Fonte: Nephrol Dial Transplant. 2018 Jul 10. doi: 10.1093/ndt/gfy147

 

La gestione dell’ipertensione arteriosa nei pazienti sottoposti a trattamento emodialitico cronico ha sempre rappresentato una problematica di non facile soluzione data la particolare popolazione di pazienti. Il gruppo di lavoro di Medicina Renale e Cardiovascolare della Società Europea di Dialisi e Trapianto (EURECA-m) ha proposto, quindi, uno studio di fattibilità del monitoraggio pressorio della durata di 44 ore in questo particolare “subset” di pazienti.

Nello studio sono stati arruolati 396 pazienti sottoposti a trattamento emodialitico, i quali sono stati sottoposti a monitoraggio continuo della P.A. per 44 ore includendo, quindi, sia il periodo del trattamento dialitico, sia quello interdialitico. Per ipertensione arteriosa si intendeva la presenza di a) valori pressori pre – dialitici  ≥ 140/90 mmHg ovvero assunzione di terapia anti – ipertensiva; b) valori pressori ambulatoriali  ≥130/80 ovvero assunzione di farmaci ad azione anti – ipertensiva.

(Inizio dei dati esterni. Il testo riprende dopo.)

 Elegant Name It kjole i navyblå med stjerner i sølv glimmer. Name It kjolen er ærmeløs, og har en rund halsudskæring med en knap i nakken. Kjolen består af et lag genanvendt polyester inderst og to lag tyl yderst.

I risultati dei monitoraggi delle 44 ore hanno evidenziato una prevalenza di ipertensione arteriosa pari all’84.3% (simile al valore di 89.4% risultante dalla valutazione dei livelli pre – dialisi).

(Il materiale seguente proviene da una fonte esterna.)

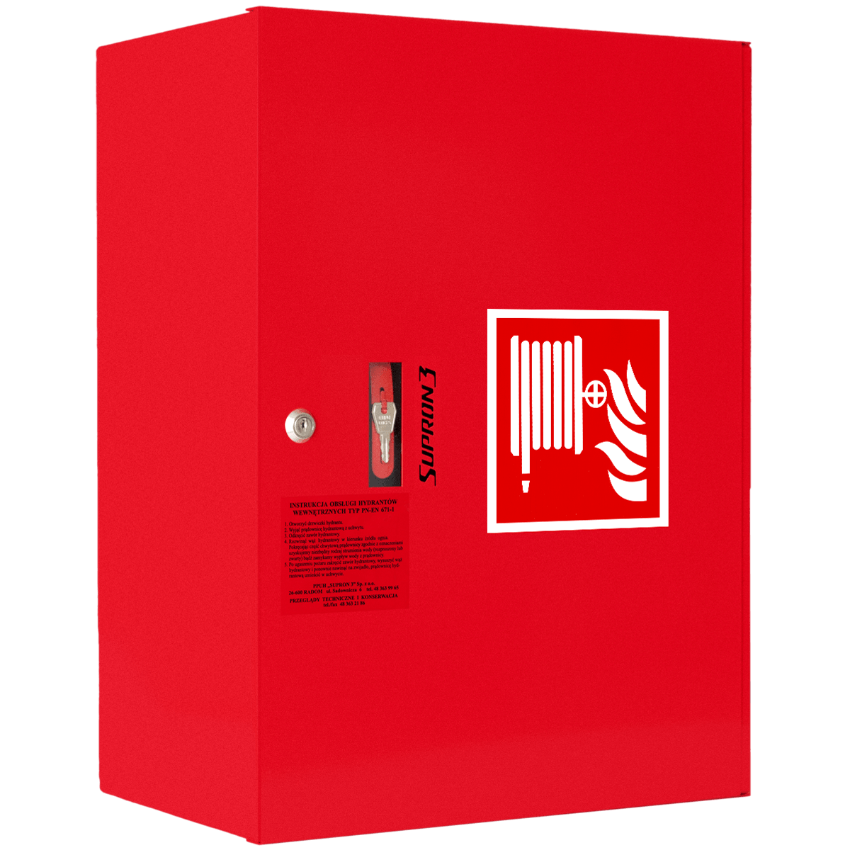 Hydrant to urządzenie, które umożliwia bezpośredni pobór wody z głównych przewodów sieci wodociągowej. Korpus szafki wykonany jest blachy stalowej ocynkowanej zaginanej ze wszystkich stron; połączenia zgrzewane i spawane. Szafa malowana jest farbą proszkową epoksydowo-poliestrową w kolorze czerwonym RAL3000 lub białym RAL9010 jako standard. Każda szafa hydrantowa zamykana jest na zamek Patent, który jest wpuszczanym zamkiem cylindrycznym wyposażonym w dwa kluczyki. Na płycie drzwiowej za hartowaną szybką szklaną o grubości 1 mm znajduje się jeden z kluczyków (zapasowy). Zastosowana szybka spełnia wszelkie wymogi bezpieczeństwa.

290 pazienti erano sottoposti a trattamento farmacologico; il 9.1% dei pazienti emodializzati veniva classificato come normoteso, il 12.6% presentava un’ipertensione controllato dal trattamento farmacologico, mentre il 46% presentava un quadro di ipertensione non controllata. Inoltre, si è assistito ad una prevalenza pari al 18.2% di ipertensione da “camice bianco”, mentre un  22.2% dei pazienti presentava un quadro di ipertensione notturna. Valori pressori pre – dialitici  ≥140/90 mmHg presentavano un 76% di sensibilità ed un 54% di specificità per la diagnosi di ipertensione arteriosa.

Gli Autori concludono, quindi, affermando che la prevalenza di ipertensione arteriosa nei pazienti in trattamento emodialitico è particolarmente elevata, se diagnosticata con il monitoraggio ambulatoriale della P.A.

Considerata l’elevata prevalenza di ipertensione arteriosa da “camice bianco”, nonché la bassa percentuale di pazienti controllati dalla terapia farmacologica, è auspicabile che il monitoraggio ambulatoriale della P.A. possa diventare un’indagine di routine nei pazienti con malattia renale cronica terminale in trattamento emodialitico.